Harvest begins for northern fireweed and mushrooms

Jul 18, 2023 | 12:58 PM

Chantarelle mushroom buyers are offering $10 per pound for the boreal delicacy, the highest amount paid since at least 2018.

Chanterelles are the most sought-after mushroom in northern Saskatchewan, prized for their high quality and unique taste. Every year, buyers for B.C.-based companies set up camp at the Highway 2 and 165 junction to purchase mushrooms from local pickers.

Gailene Cook has been at that location since July 9 and she is currently buying mushrooms for $10 per pound. In 2022, she was offering $8.

“I guess they are not getting the amount they want,” Cook, who buys for West Coast Wild Foods from Burnaby, said. “I’m not really sure why, they just tell me what to do and I do it.”

Cook explained the mushroom harvesting season is about two weeks early. She noted they are just starting to appear, adding if there’s a good amount of rain soon, it should be a healthy harvest. The harvest typically lasts until the end of August or early September.

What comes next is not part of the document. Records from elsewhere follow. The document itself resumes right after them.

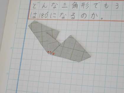 算数科では、「図形の角を調べよう」の学習を行っています。昨日、二等辺三角形の3つの角の和は180度ということが分かり、どの三角形でも3つの角の和は180度といえるのか?という疑問が出てきました。そこで、今日は、いろいろな三角形の角の和を調べてみることにしました。すると!小さい三角形でも大きい三角形でも3つの角の和が180度となることに気付くことができました。子供たちは、「こんな細いのでも180度かな?」「小さすぎたら180度にならないかも?」予想をしながら取り組む姿が見られました。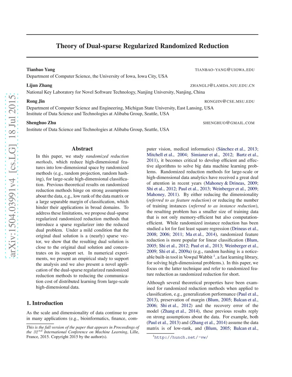 Theory of Dual-sparse Regularized Randomized Reduction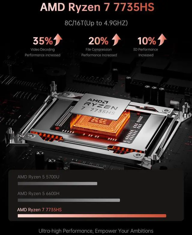 ENGINEERED FOR SPEEDThe KAIGERR 2025 RX16 laptop is equipped with the powerful AMD Ryzen 7 7735HS processor (8C/16T, up to 4.75GHz), delivering superior performance and responsiveness. This upgraded hardware ensures a smooth experience, fast loading times, and high-quality visuals. It provides an immersive, lag-free experience. Its performance is far moere than 30% better than AMD R7 5700U/5800U/5825U/6600HX.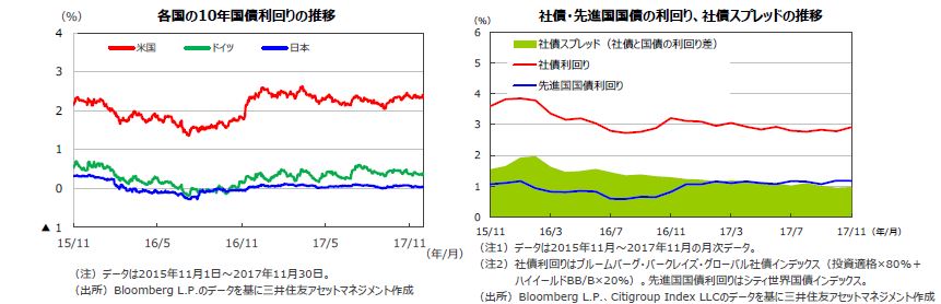 11月の米国10年国債利回りは小幅な上昇(債券価格は下落)となりました。米国の景気・雇用が堅調に推移しているためですが、インフレが落ち着いていることから大幅な金利上昇には至っていません。ドイツ10年国債利回りは、0.3%台半ばでこう着状態となりました。ドイツの7-9月期GDPは市場予想を上回りましたが、インフレの低位安定から利回りの上昇は小幅なものにとどまりました。一方、日本の10年国債利回りは低下しました。米国社債については国債とのスプレッドが拡大しました。社債スプレッドの拡大は、大型の買収・合併(M&A)に関わる資金調達の拡大に伴い社債の発行が増加したこと等によるものです。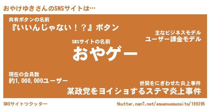 | 肩書あだ名 | 『おやけゆき御曹司』『おやけゆき大統領』 |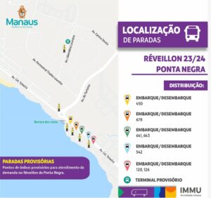 Manaus – As operações de trânsito da Prefeitura de Manaus durante o Réveillon 2024 envolve um efetivo de 350 servidores, entre agentes de trânsito do Instituto Municipal de Mobilidade Urbana (IMMU), fiscais e funcionários do sistema de transporte público, posicionados em postos fixos, viaturas e motocicletas, espalhados no complexo turístico Ponta Negra, zona Oeste, na Orla do Amarelinho, no Educandos, zona Sul, e no parque Amazonino Mendes, nas zonas Norte e Leste da capital.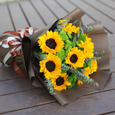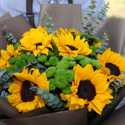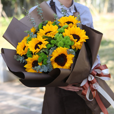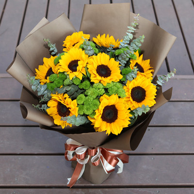 9朵向日葵搭配绿色小雏菊、尤加利。

“I think more people are starting to just go pick on weekends and stuff that haven’t picked before, and they are taking their kids out to make extra money for the fair this weekend,” Cook said.

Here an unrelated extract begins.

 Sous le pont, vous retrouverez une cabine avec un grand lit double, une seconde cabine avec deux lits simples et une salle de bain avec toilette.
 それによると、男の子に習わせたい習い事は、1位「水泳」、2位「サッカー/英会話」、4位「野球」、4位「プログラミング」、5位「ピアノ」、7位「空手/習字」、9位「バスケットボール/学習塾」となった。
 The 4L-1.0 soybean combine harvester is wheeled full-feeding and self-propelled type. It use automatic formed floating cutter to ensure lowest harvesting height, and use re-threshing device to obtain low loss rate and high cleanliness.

After the mushrooms are transported to B.C. and sorted by size, they are sent to countries around the world. The price for mushrooms tends to fluctuate every year with the buying price being $6.50 in 2020 and 2021.

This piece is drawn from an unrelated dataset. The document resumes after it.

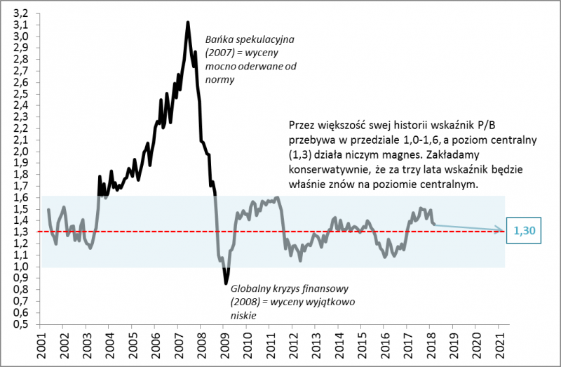 Hurraoptymistyczne projekcje mogłyby zakładać, że w którymś momencie wyceny powrócą do tamtych kosmicznych pułapów. My jednak wolimy pozostać przy dużo bardziej konserwatywnych założeniach. Zauważmy, że – jeśli nie liczyć anormalnego okresu lat 2004-2008 – to przez niemal całą pozostałą historię wskaźnik P/B przebywa w dość wąskim przedziale 1,0-1,6, z poziomem centralnym równym 1,3.

Fireweed harvest strong in 2023

While Air Ronge-based Boreal Heartland Herbal Products isn’t buying mushrooms this year because they still have enough in stock from 2022, they have been purchasing fireweed. On July 17, they had to momentarily pause receiving more fireweed from pickers because all of their drying sheds were at capacity. Boreal Heartland has a quota of tens of thousands of pounds it needs to meet.

Boreal Heartland drying sheds are currently at capacity with fireweed. (Facebook/Boreal Heartland)

“It takes about five to seven days for it to dry, so we will shut down buying for a couple of days until we get some space in our sheds, then we are going to open up again for a little while and fill our quota from there,” said Keewatin Community Development Association CEO Randy Johns, who manages Boreal Heartland.

Some of the fireweed collected is used in Boreal Heartland’s tea that is marketed all across Canada. Boreal Heartland also has a contract with a company in Saskatoon that turns the fireweed into an extract to be dandruff shampoo, skin cream and more. Johns was offering .70 cents per pound for fireweed this summer.

“All over, locally, around the La Ronge and Air Ronge area,” he said about where the fireweed is coming from.

“There is some that is coming from some of those fires that burned last year up by Grandmother’s Bay and Lynx Lake. There’s other stuff just coming from the ditches. There’s a lot of fireweed around this year. It’s a plant that seems to like smoke and it’s been pretty smoky, so there’s lots of fireweed around and it’s been coming in really well.”